Страница 8 из 14
Когда заканчивалось время чтения, мы включали телевизор. Мы чередовали дни, по очереди выбирали, что будем смотреть. Каттеру нравились программы про животных, а мне – реалити-шоу. Мы оба были счастливы, если показывали реалити-шоу с животными, как те, где ловят диких животных, которые забредают в дома, или те, где люди борются с аллигаторами. Иногда мы просто смотрели мультики. Наш провайдер допустил ошибку и подключил нам больше каналов, чем мы подписывались, поэтому выбор впечатлял: столько каналов у нас никогда не было. Я сказала маме, что мы, наверное, должны сказать им об ошибке, но мама ответила: то, чего они не знают, им не повредит, иногда все просто складывается в нашу пользу. Но по моему опыту жизнь работает не так. Когда я ей об этом сказала, она расхохоталась и не могла остановиться. Мне нравится, когда мама смеется.
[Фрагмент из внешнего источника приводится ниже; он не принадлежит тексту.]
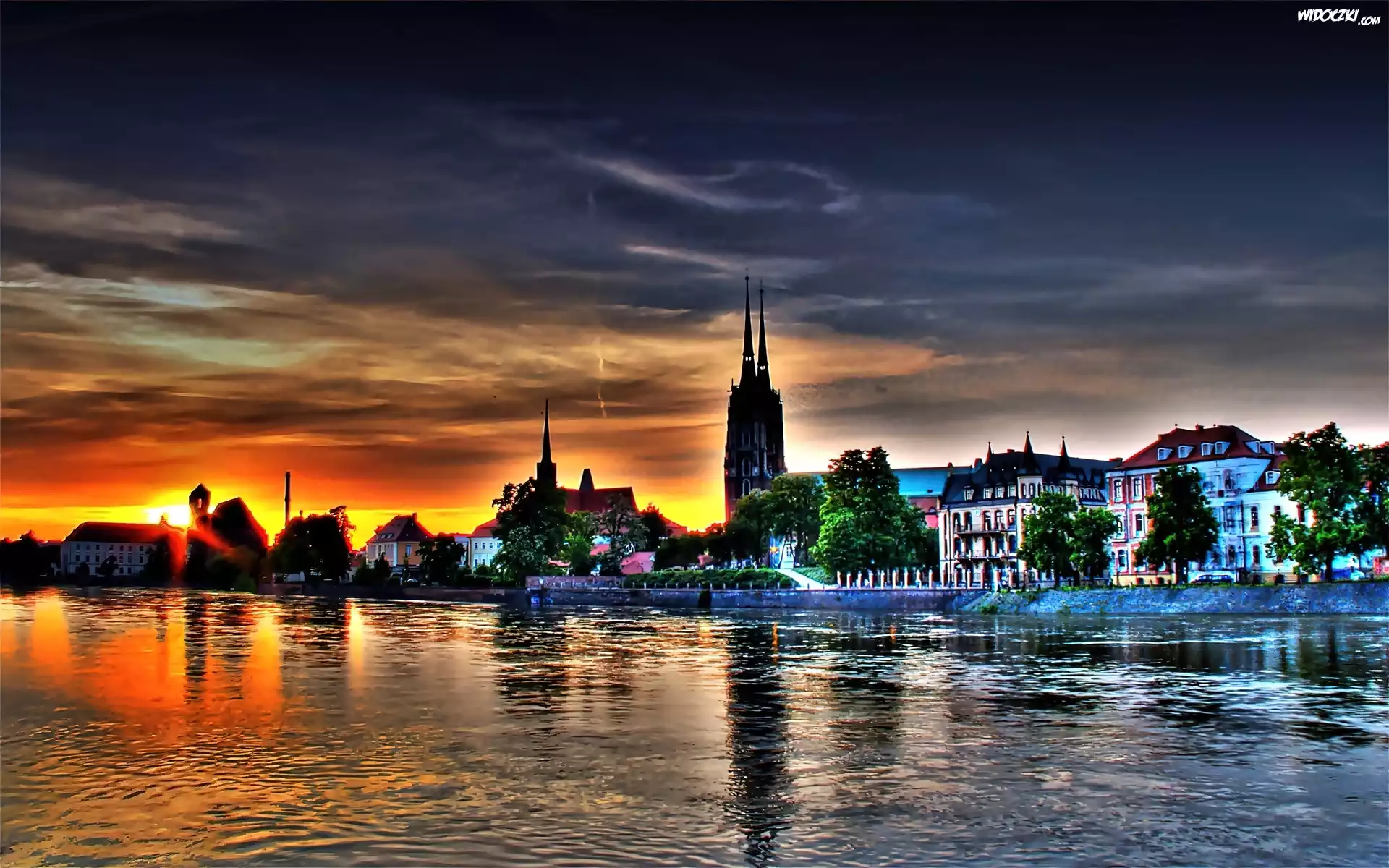 Zdjęcia, Wrocław, Zachód, Słońca, Odra, Widok, Ostrowa, Tumskiego
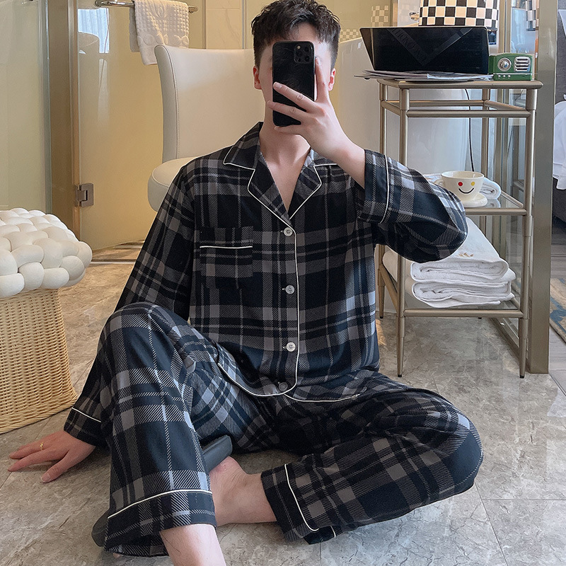 パジャマ男性春秋長袖綿の格子2025新型男性の家の服は大きいサイズの綿の服のスーツを着ることができます。
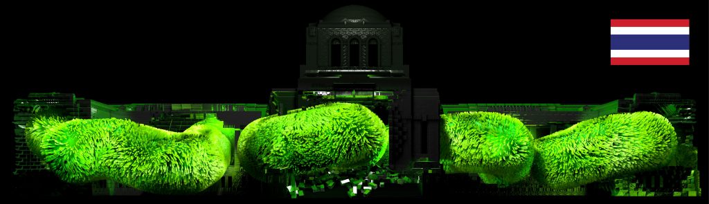 JURY PRIZE(審査員特別賞)はRESORB(ドイツ)が製作した「Mutate / Evolve」という作品で、AIアルゴリズムで生成された生命体が描かれ、それらは突然変異したかの様でありながら、建物と溶け合う様にも設計されていました。技術的にはまだ過渡期の表現であるAI技術を使ったものではありますが、複雑に絡み合う様や透明感のあるビジュアルは命の生々しさ、強さを感じさせ、今の時代を示唆する様でもありました。
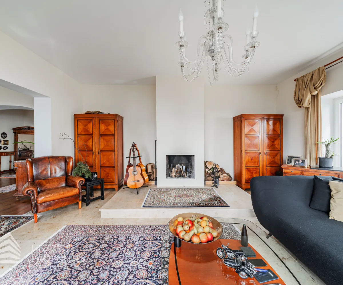 Über eine Treppe gelangen Sie in das Erdgeschoss der Villa. Dort treffen Sie auf ein Wohnzimmer, eine Küche, ein Esszimmer und ein Badezimmer. Die großen Fensterfronten durchfluten das Wohnzimmer mit viel Licht und lassen es sehr hell und einladend erscheinen. Der offene Kamin sorgt zudem für eine besonders gemütliche Atmosphäre. Der Raum bietet Ihnen viel Platz für eine Couchlandschaft sowie weitere Möbel. Das Esszimmer ist direkt mit dem Wohnzimmer verbunden und bietet viel Platz für einen großen Esstisch. Die großzügige Küche ist in schönem Weiß gehalten und mit modernen Geräten ausgestattet. Sie verfügt über viel Stauraum sowie über einen Ausgang auf die Terrasse. Das moderne Bad ist mit einer Dusche sowie einer Toilette ausgestattet.
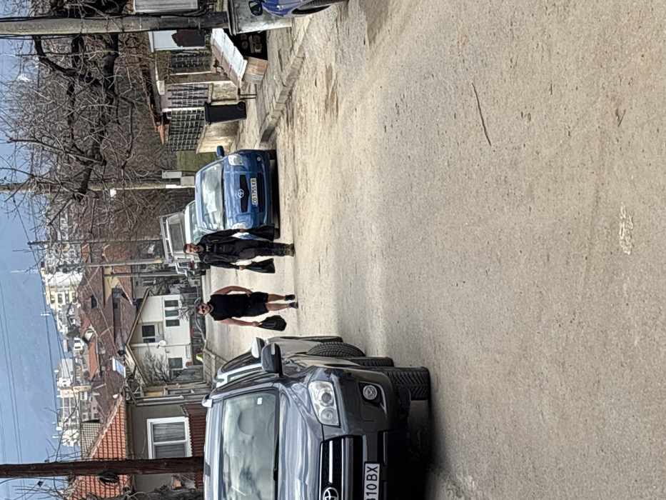 The image displays a residential street in Pirdop, Bulgaria, under an overcast sky
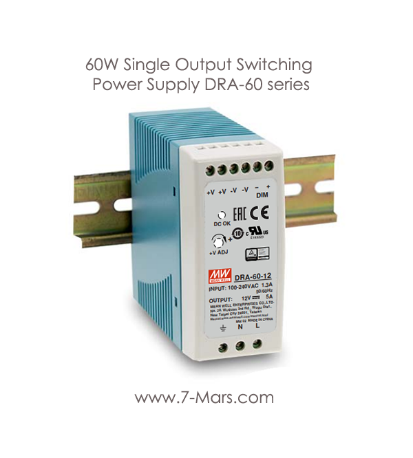 DRA-60 is one 60W AC/DC DIN rail power supply, featuring the adjustable output current. Users are able to easily change the constant output current level, via 1-10Vdc, PWM signal or resistance. DRA-60 can be mounted on DIN rail TS-35/7.5 or 15; in addition, the width of the unit is only 40mm that it is well suited for the installation in a limited spacing. DRA-60 accepts the universal AC input between 90VAC and 264VAC; the efficiency is up to 87% that the entire series can operate, under free air convection, from -30°C through 70°C.
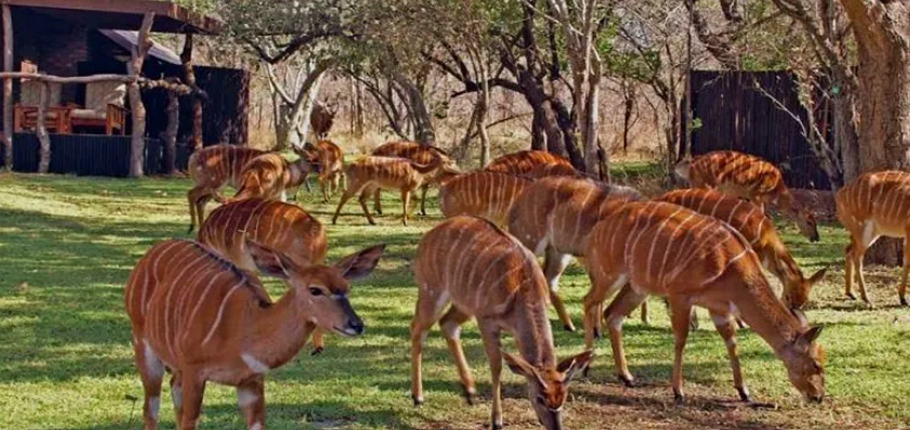 A tranquil bush setting, where wildlife roams freely between chalets.
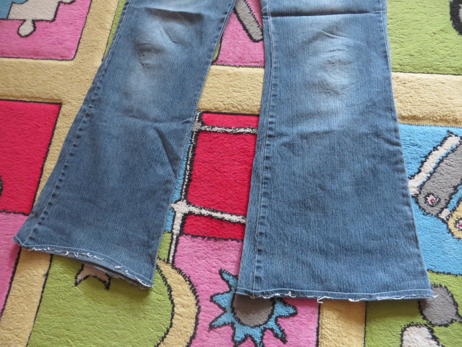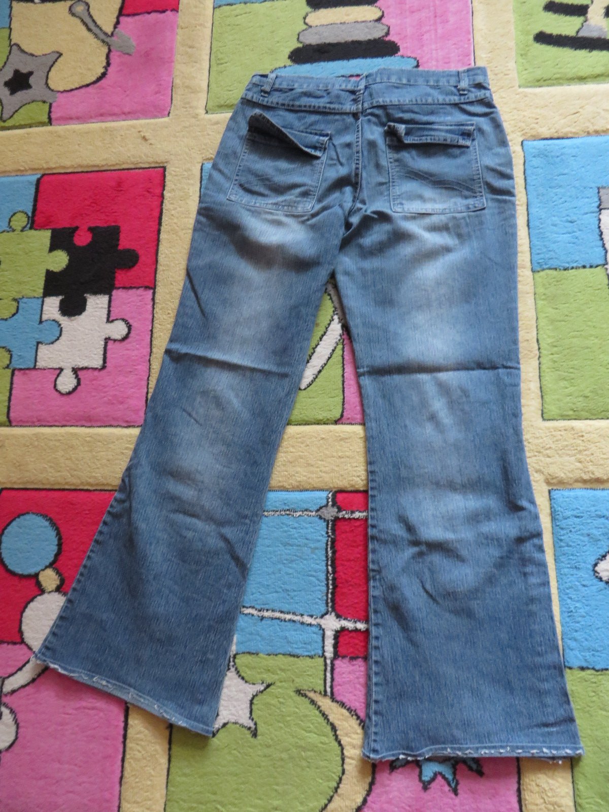 Predám dievčenské / dámske zvonové rifle, veľkosť je M. Spodok riflí je rozšírený, pás je 82 cm, boky sú 53 cm x 2 a celková dĺžka je 102 cm.
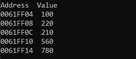 The syntax of course can be shortened to *p++, but this will involve some slight rejigging of the code to print out the correct address value at step i because the updated value of p will be shown if the code is left as is. This code produces the following output:
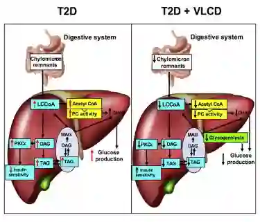 最终,研究人员确定了三种与“VLCD在糖尿病动物中快速降低血糖浓度这种显著作用”相关的主要机制。具体来说,在肝脏中,VLCD通过以下3种途径降低葡萄糖产生:1)减少乳酸和氨基酸转化为葡萄糖;2)降低肝脏糖原转化为葡萄糖的速度;3)降低脂肪含量,这反过来,改善了肝脏对胰岛素的响应。值得一提的是,研究者们仅在3天内就观察到了VLCD这些积极的影响。

После телевизионного времени – время снова поесть. Мама говорила, что мы с Каттером просто машины по уничтожению продуктов, поэтому я старалась есть поменьше. Но Каттер о таком не думал. Он жадно поглощал еду, даже не заморачиваясь, какую именно. Мама шутила, что у него дыра в желудке. За ланчем я заставила его съесть немного фруктов, пусть даже это был консервированный фруктовый коктейль. Иногда к сэндвичам у нас прилагались чипсы, изредка – печенье. Я люблю домашнее печенье с шоколадной крошкой, но мы ели его только в том случае, если у мамы появлялось настроение его испечь, чего почти не случалось: она очень уставала на работе. По будням она была на одной работе, по выходным – на другой, так что работала она почти все время. Мама объясняла нам: чтобы у нас была такая жизнь, как сейчас, это необходимо. Иногда, когда я видела людей с их шикарными машинами и красивыми домами, я задавалась вопросом: а на скольких же работах приходится работать им, чтобы иметь такую жизнь?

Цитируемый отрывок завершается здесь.